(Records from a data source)

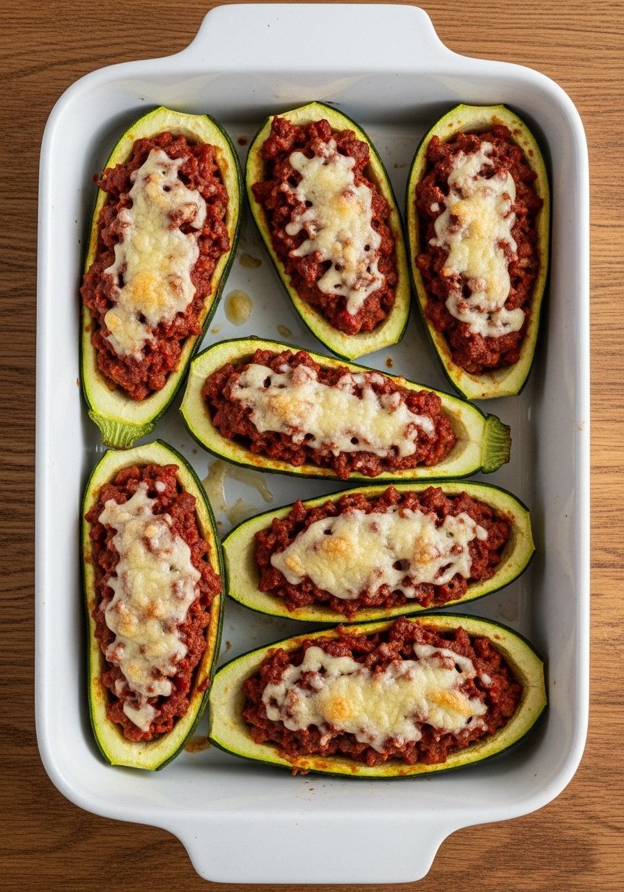 - Fill & Bake: Spoon filling into zucchini halves, top with cheese, bake 18–22 minutes until zucchini is tender and cheese is melted.
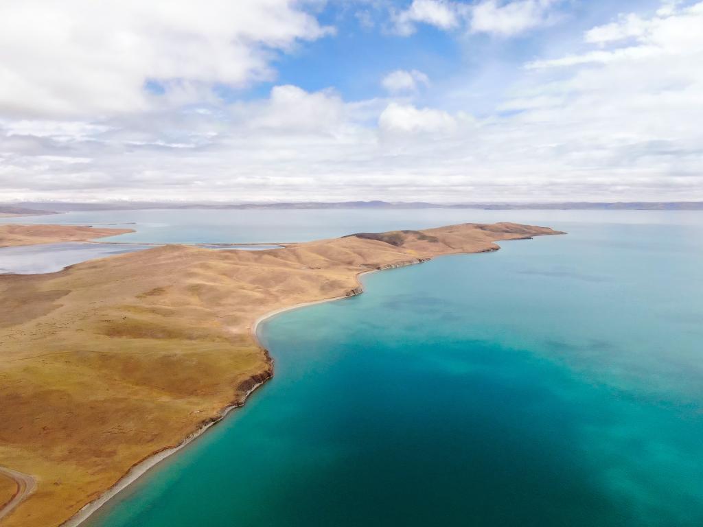 这是2021年10月20日在青海省果洛藏族自治州玛多县境内拍摄的扎陵湖一角。新华社记者 张龙 摄
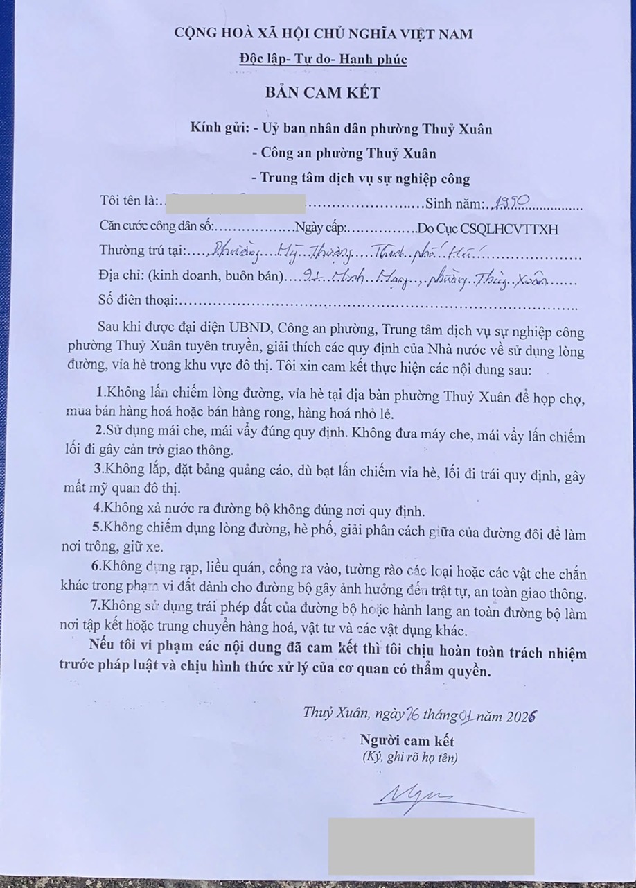 Trung tâm Dịch vụ sự nghiệp công phường Thuỷ Xuân tiến hành kiểm tra và tuyên truyền giải thích các quy định của Nhà nước về sử dụng lòng lề đường, vỉa hè trong khu vực đô thị và đã cho viết bản cam kết về việc chấp hành các quy định trên (đính kèm bản cam kết).
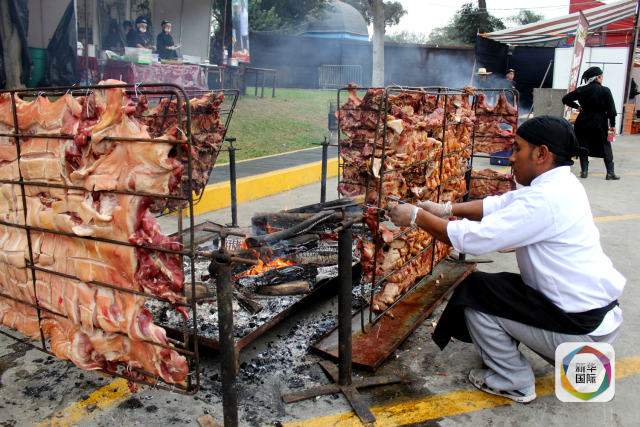 2015年6月20日,秘魯首都利馬舉行美食節。圖為一名廚師正在制作烤豬。(新華社發 路易斯·卡馬喬攝)
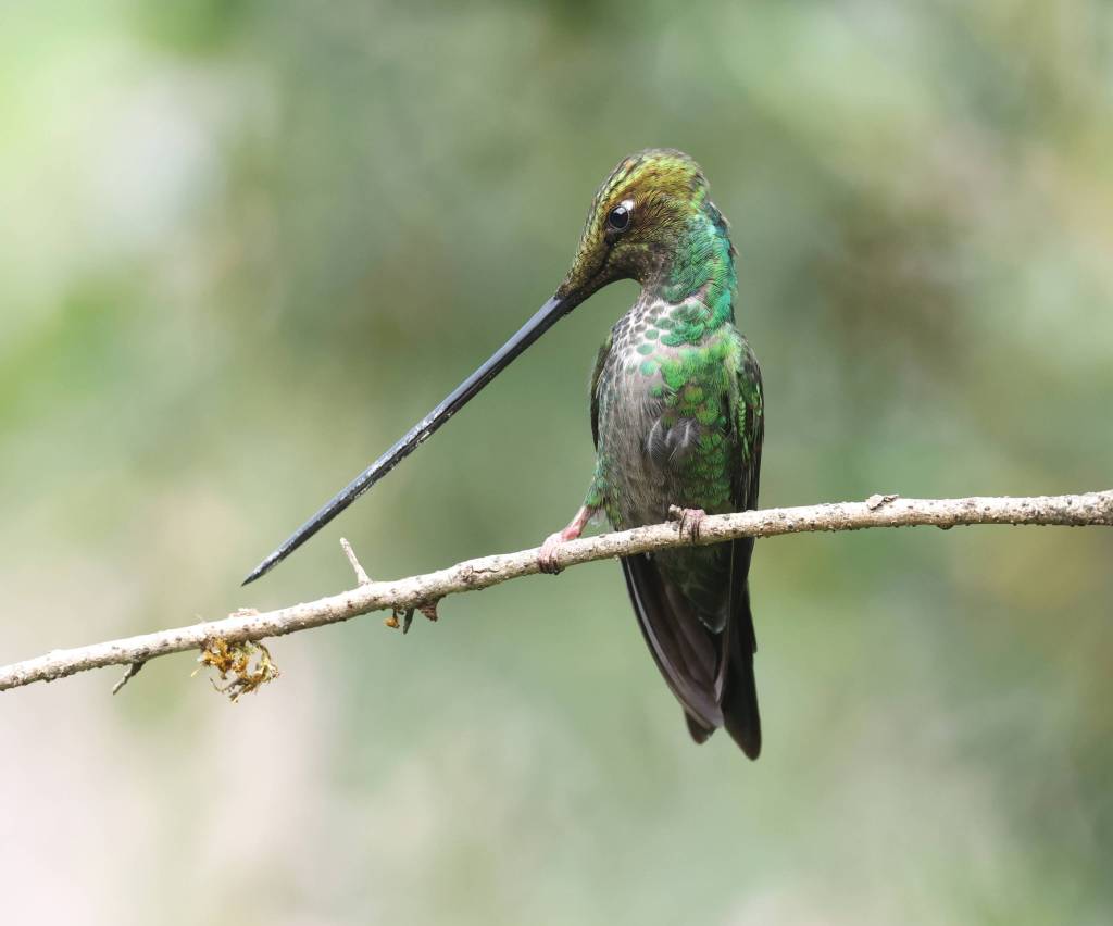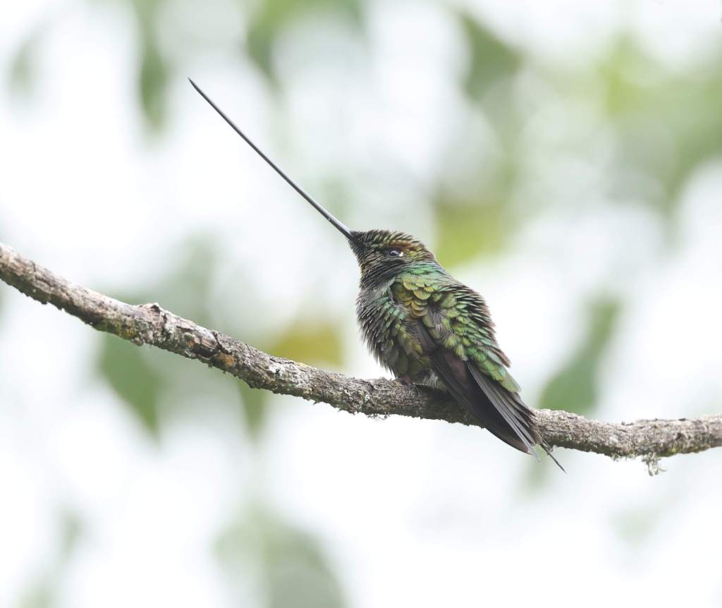 For sure the hummer that everyone wants to see – with good reason – is the incredible Sword-Billed Hummingbird. We saw it on our two visits, though it took a little while for it to turn up both times (like, a good 40 minutes, keeping a beady-eye lookout…) It is just as arresting and kindof unbelievable-looking in real life as photos make it seem, and we drank in good looks at the bird for the minute or so it stayed around the feeders.
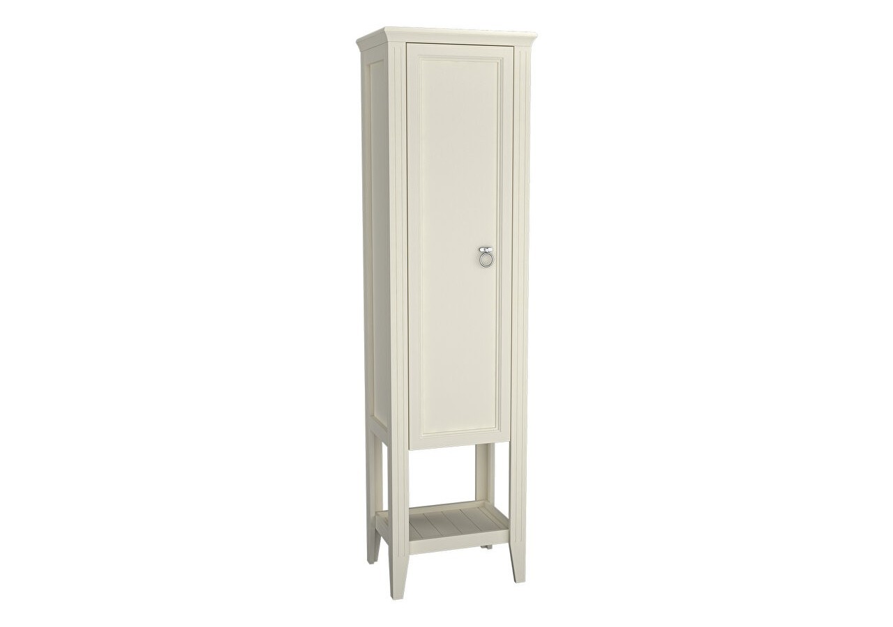 Valarte armoire haute, avec porte, fermeture douce, étagères en verre, poignées à passe doigt chromées, caisson MDF et film polymère, montage mural, 55 cm, ivoire mat, gauche
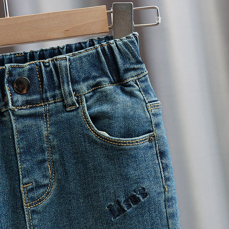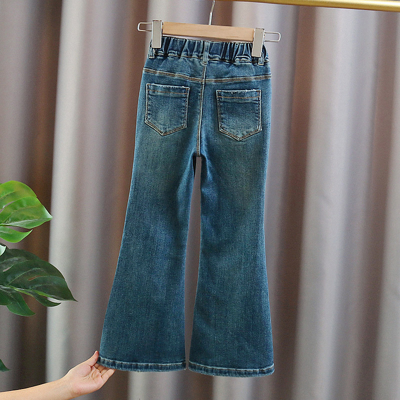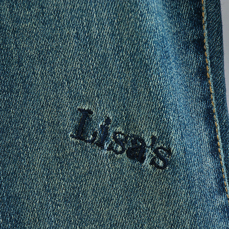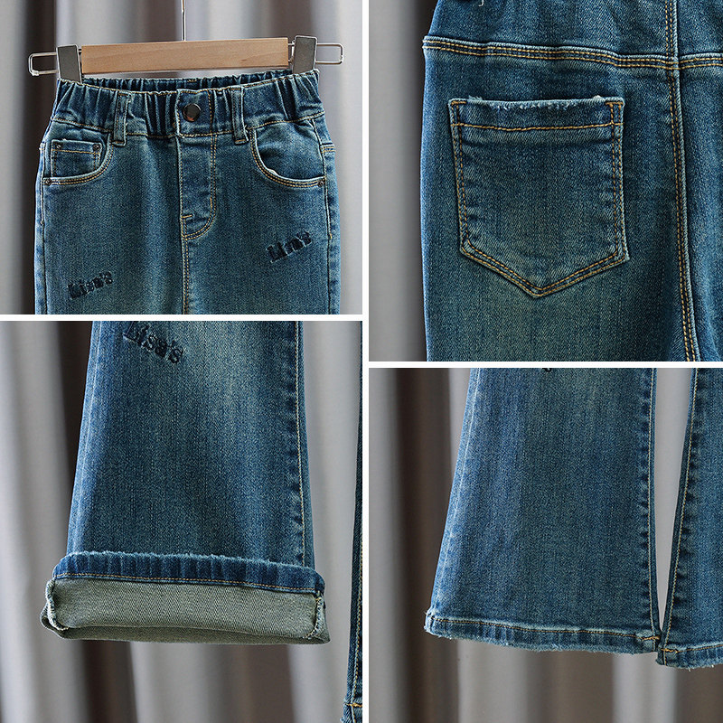 Blue Denim Horn Pants Blue Plus Suede Jeans Black Striped Sweatshirt Blue Denim Pants White Shirt Blue Denim Pants Apricots Color Shirt Blue Denim Horn Pants Add Suede

§ **WHAT YOU HAVE TO DO**
An exact, picture-free copy of the entries is required.

§ **TASK RESPONSE**
 - Fill & Bake: Spoon filling into zucchini halves, top with cheese, bake 18–22 minutes until zucchini is tender and cheese is melted.
 这是2021年10月20日在青海省果洛藏族自治州玛多县境内拍摄的扎陵湖一角。新华社记者 张龙 摄
 Trung tâm Dịch vụ sự nghiệp công phường Thuỷ Xuân tiến hành kiểm tra và tuyên truyền giải thích các quy định của Nhà nước về sử dụng lòng lề đường, vỉa hè trong khu vực đô thị và đã cho viết bản cam kết về việc chấp hành các quy định trên (đính kèm bản cam kết).
 2015年6月20日,秘魯首都利馬舉行美食節。圖為一名廚師正在制作烤豬。(新華社發 路易斯·卡馬喬攝)
 For sure the hummer that everyone wants to see – with good reason – is the incredible Sword-Billed Hummingbird. We saw it on our two visits, though it took a little while for it to turn up both times (like, a good 40 minutes, keeping a beady-eye lookout…) It is just as arresting and kindof unbelievable-looking in real life as photos make it seem, and we drank in good looks at the bird for the minute or so it stayed around the feeders.
 Valarte armoire haute, avec porte, fermeture douce, étagères en verre, poignées à passe doigt chromées, caisson MDF et film polymère, montage mural, 55 cm, ivoire mat, gauche
 Blue Denim Horn Pants Blue Plus Suede Jeans Black Striped Sweatshirt Blue Denim Pants White Shirt Blue Denim Pants Apricots Color Shirt Blue Denim Horn Pants Add Suede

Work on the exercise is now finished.